- DATA IN THIS EXERCISE:
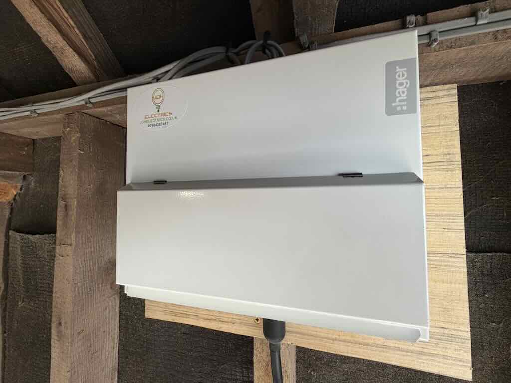 EICR & Consumer Unit Upgrade in Bury St Edmunds - old fuse boardEICR & Consumer Unit Upgrade in Bury St Edmunds - new Hager Garage consumer unit
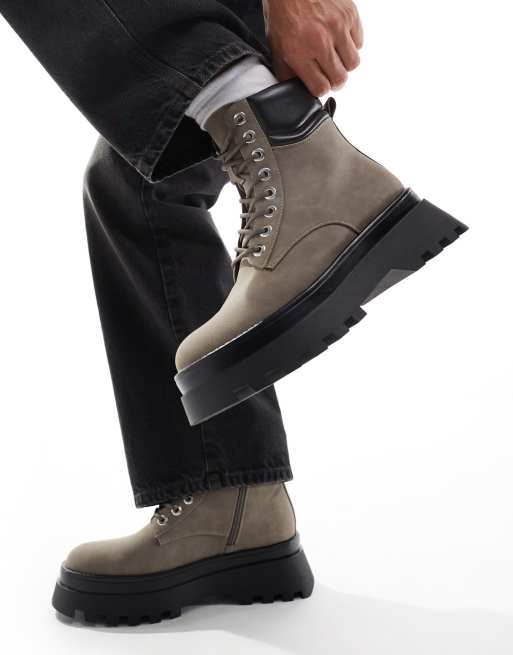 ASOS DESIGN - Arbejdssrøvler i grå med chunky sål og snøre
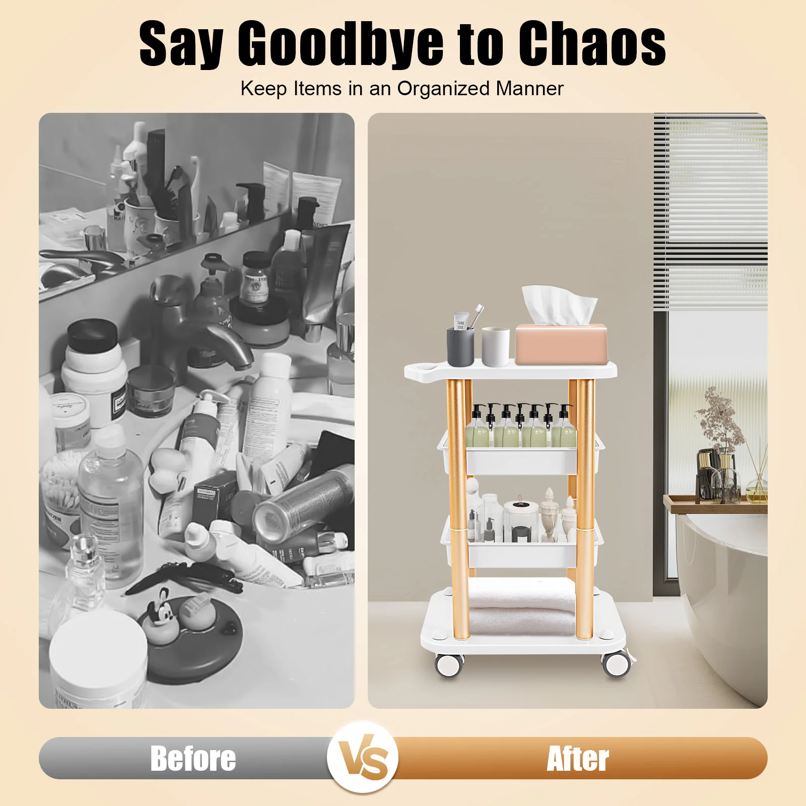 4. Double-layer multi-functional rack, can be placed cosmetics, essential oils, skin care products, etc.
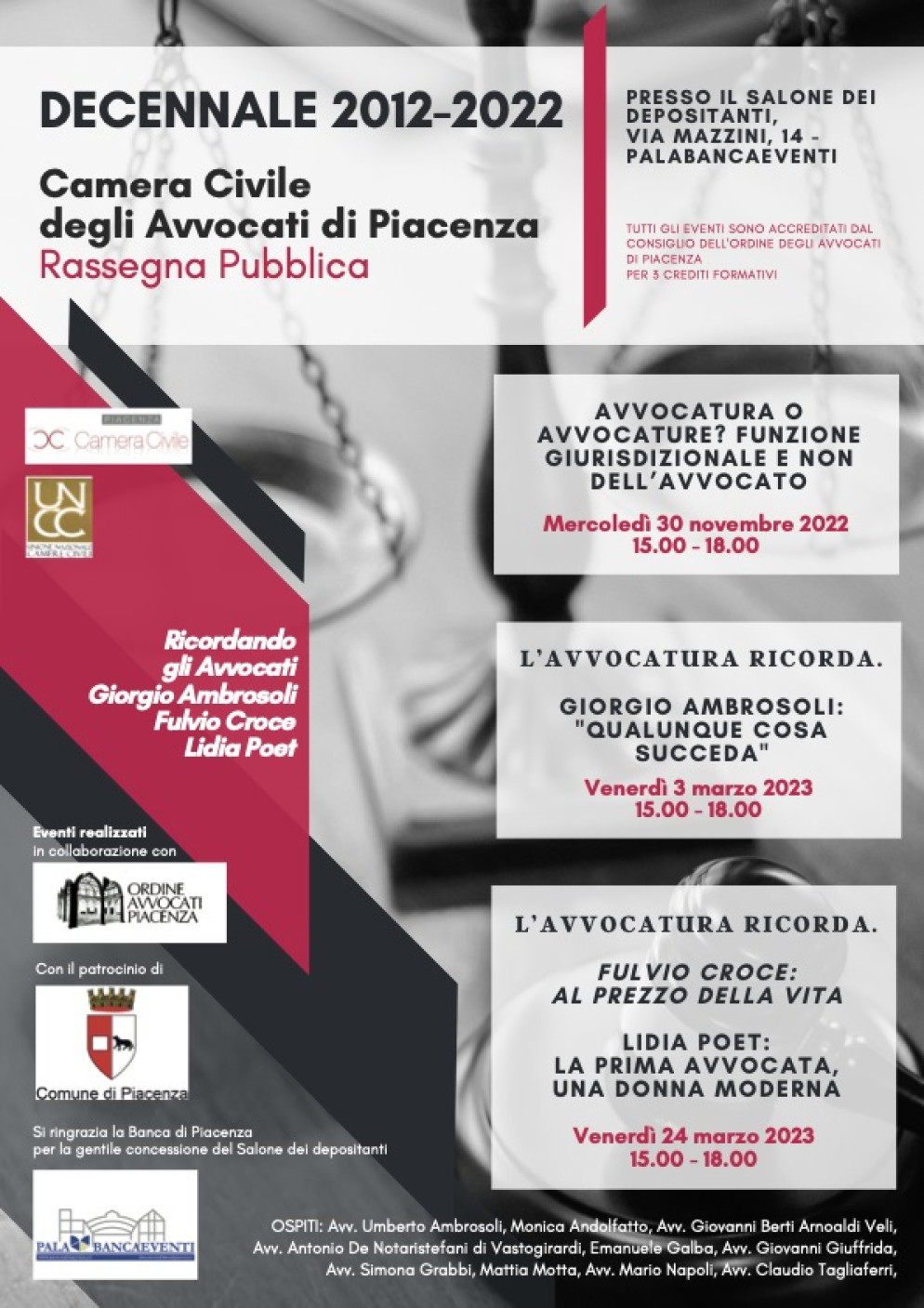 Si intitola “Giustizia e legalità, coraggio e innovazione”, ed è la rassegna pubblica che la Camera civile degli avvocati di Piacenza ha organizzato per celebrare i dieci anni dalla sua fondazione e per far conoscere ai cittadini i nuovi ruoli della figura professionale.
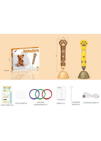 3D ручка AK 0013 працює з пластиком PLA та комплектується 3 кольорами по 3 м. Електронне табло відображає температуру для безпечного використання, а USB-кабель забезпечує зручну зарядку. У наборі 4 кольори філаменту, що дозволяють створювати яскраві та об’ємні вироби. Ручка розвиває творче мислення, просторову уяву та дрібну моторику дитини. Компактна упаковка дозволяє легко і безпечно зберігати та переносити набір.
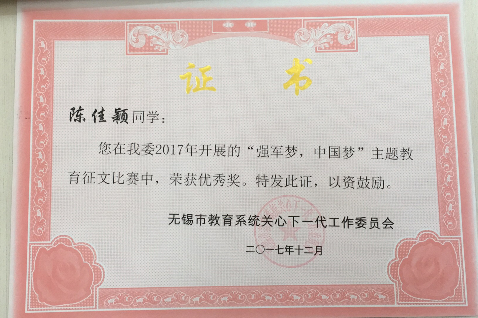日前,江苏省、无锡市教育系统关工委为纪念中国人民解放军建军90周年,弘扬伟大革命精神,增强青年责任担当,开展了“红星闪闪照我心”
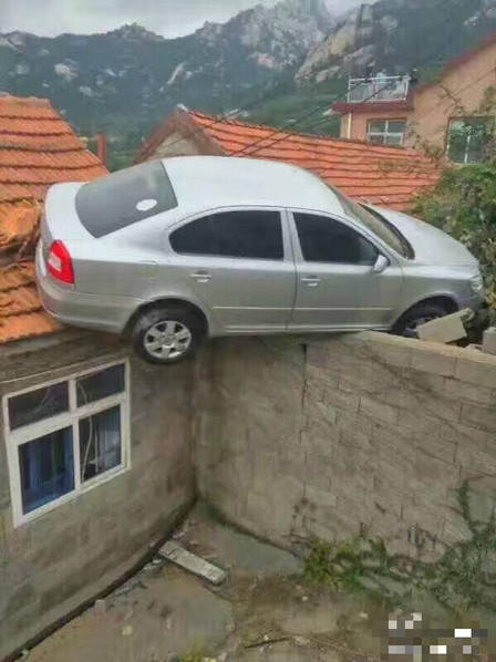 据潍坊交警消息,青岛崂山区雕龙嘴村,一司机倒车倒大了,冲上了村民的屋顶。
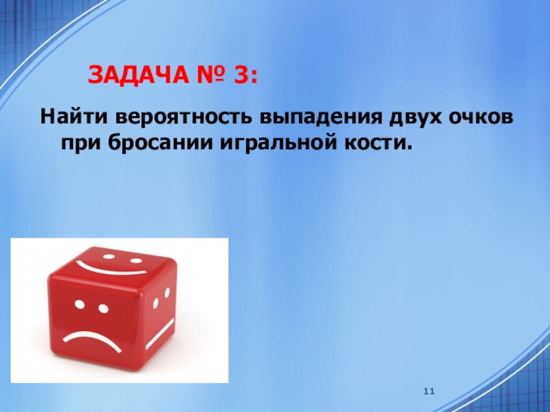 ЗАДАЧА № 3:Найти вероятность выпадения двух очков при бросании игральной кости.
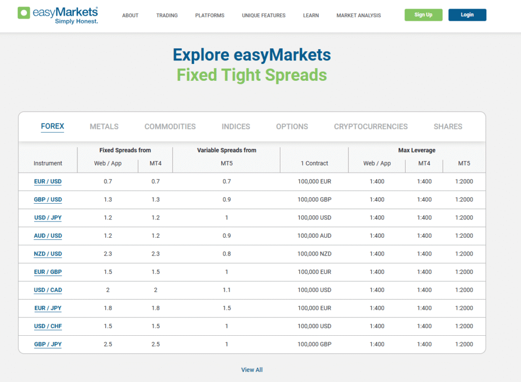 The number of trading instruments offered by easyMarkets is moderate. Despite this, there are still various instruments available for trading spanning different asset classes. Forex, cryptos, and share CFDs are all present and will enable traders to find something worthwhile. There are 63 Forex pairs, which is a good amount when looking at currency trading platforms. From the table above, it is clear that the broker mainly focuses on Forex and despite having some CFDs available, they are limited.
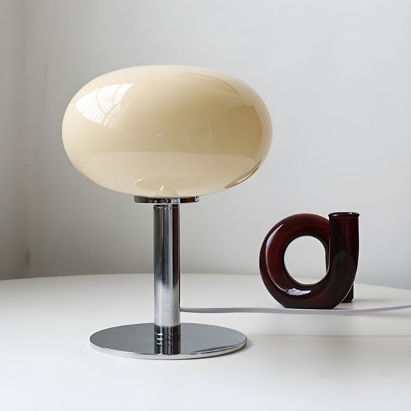 Bauhaus Glass Mushroom Table Lamp, Chrome Base Warm LED Bedside Nightstand Light - 110V-120V Beige
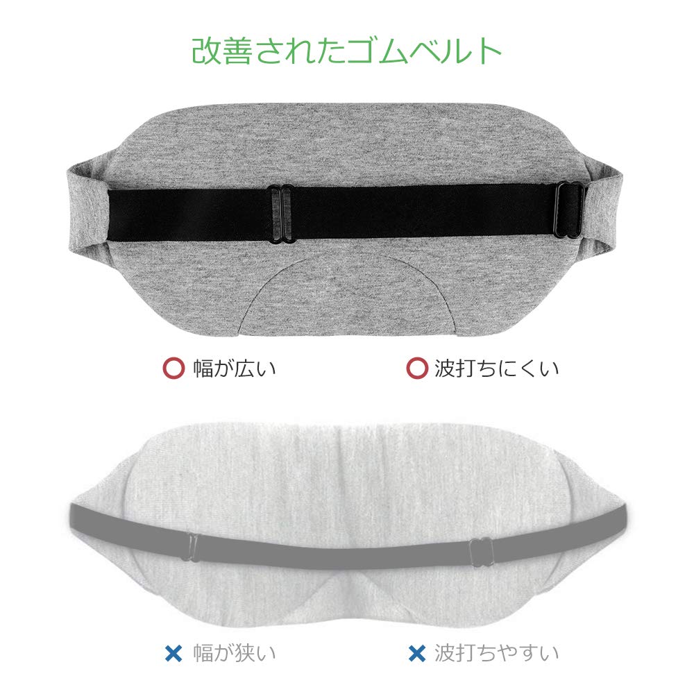 改善された点:優れた素材で肌にやさしく、通気性が大幅に上がっております。ベルトの部分は従来の商品と比較し、幅がより一層広くなっており、付け心地が良くなります。高品質の素材で作られているので波打つことはないです。鼻の部分は適宜に処理され、遮光性もかなりアップされました。
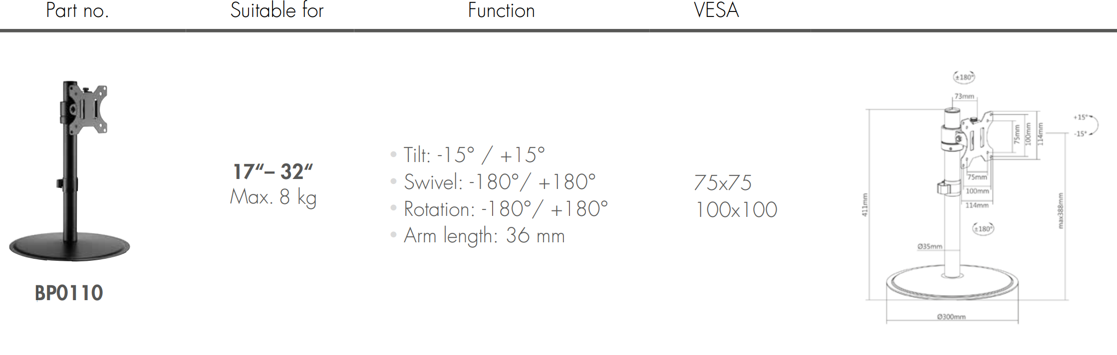 VESA mounting interfaces 75 x 75, 100 x 100 mm
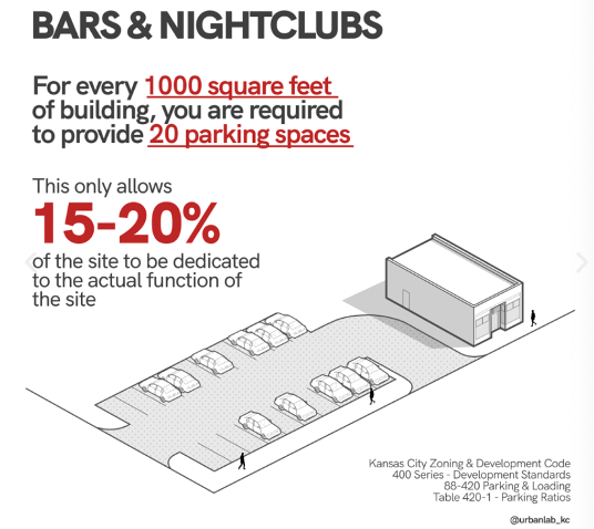 In Los Angeles, churches must have a parking spot for every 5 pew seats. In Charlotte, daycares must have a parking spot for every ten kids (plus one for every worker). Kansas City requires bars to have so many parking spots that only a fifth of the land is usable, which arguably encourages drunk-driving.
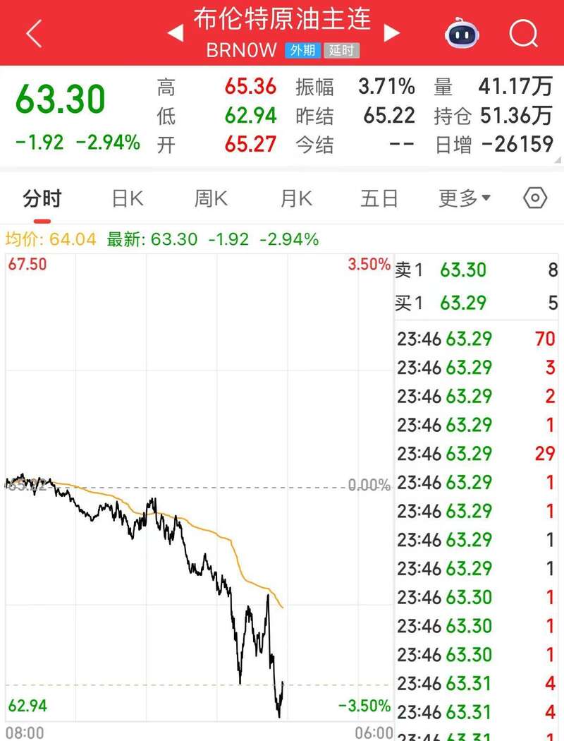 油价延续跌势。截至发稿,布油跌近3%,美油跌超3%。
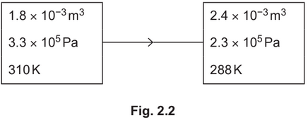 (c) The gas expands so that its volume increases to \(2.4 × 10^{−3}m^3\) at a pressure of \(2.3 × 10^5Pa\) and a temperature of 288K, as shown in Fig. 2.2.
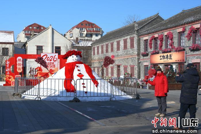 1月12日,在雪后的煙臺(tái)朝陽街景區(qū)和煙臺(tái)山景區(qū),游客們一起堆雪人,并和雪人拍照留影。
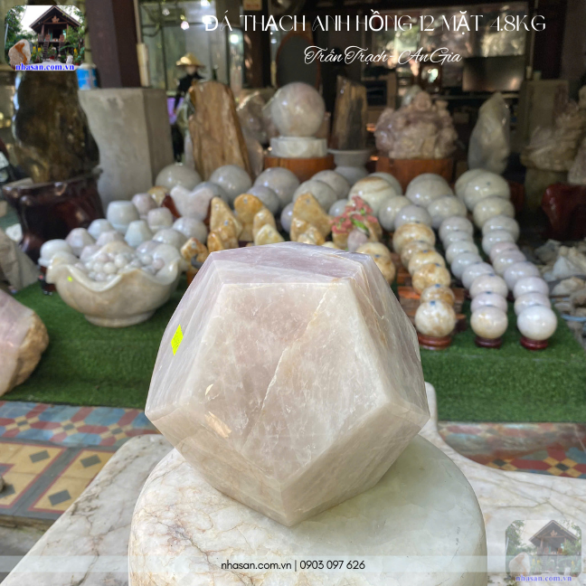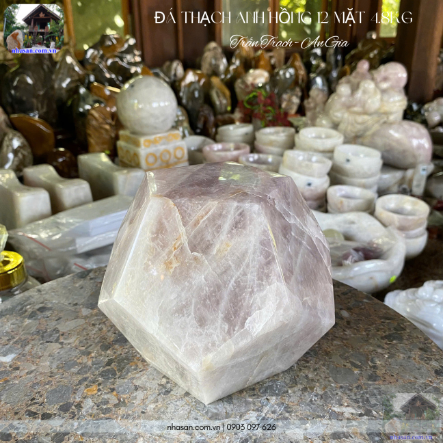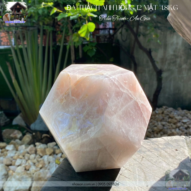 Công dụng của đá thạch anh hồng 12 mặt 4.8kg trấn trạch mạnh mẽ, đặc biệt cho nhà nhỏ và căn hộ
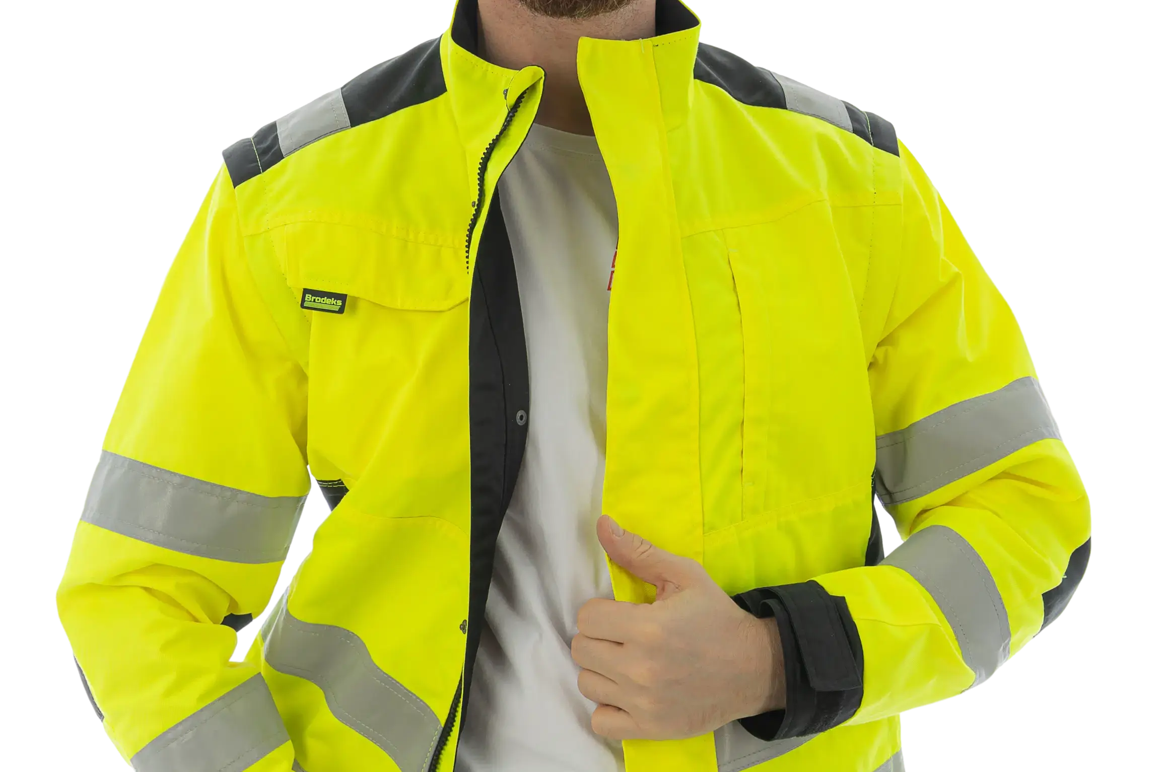 Куртка Brodeks KS 225 отвечает требованиям 2 класса видимости и может использоваться как жилет благодаря отстёгивающимся рукавам. Эргономичный крой обеспечивает удобную посадку и свободу движений, удлинённая спинка и воротник-стойка придают изделию аккуратный внешний вид. Центральная молния с планкой, сетчатая подкладка, карманы на молниях и петля с карабином для бейджа делают куртку практичной и функциональной для работы в любое время года.
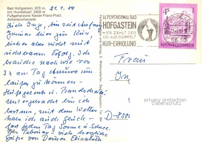 72901793 alte Postkarte Bad Hofgastein Fussgaengerzone Kaiser Franz Platz Achenpromenade postalisch gelaufen Erhaltung siehe scans [AndreD76] KatCode: 11390322050402

- REQUIRED WORK:
Write out exactly and only the lines that run from the start of the data above through the line containing "ЗАДАЧА № 3:Найти", leaving the pictures out.

- SOLUTION:
 EICR & Consumer Unit Upgrade in Bury St Edmunds - old fuse boardEICR & Consumer Unit Upgrade in Bury St Edmunds - new Hager Garage consumer unit
 ASOS DESIGN - Arbejdssrøvler i grå med chunky sål og snøre
 4. Double-layer multi-functional rack, can be placed cosmetics, essential oils, skin care products, etc.
 Si intitola “Giustizia e legalità, coraggio e innovazione”, ed è la rassegna pubblica che la Camera civile degli avvocati di Piacenza ha organizzato per celebrare i dieci anni dalla sua fondazione e per far conoscere ai cittadini i nuovi ruoli della figura professionale.
 3D ручка AK 0013 працює з пластиком PLA та комплектується 3 кольорами по 3 м. Електронне табло відображає температуру для безпечного використання, а USB-кабель забезпечує зручну зарядку. У наборі 4 кольори філаменту, що дозволяють створювати яскраві та об’ємні вироби. Ручка розвиває творче мислення, просторову уяву та дрібну моторику дитини. Компактна упаковка дозволяє легко і безпечно зберігати та переносити набір.
日前,江苏省、无锡市教育系统关工委为纪念中国人民解放军建军90周年,弘扬伟大革命精神,增强青年责任担当,开展了“红星闪闪照我心”
 据潍坊交警消息,青岛崂山区雕龙嘴村,一司机倒车倒大了,冲上了村民的屋顶。
 ЗАДАЧА № 3:Найти вероятность выпадения двух очков при бросании игральной кости.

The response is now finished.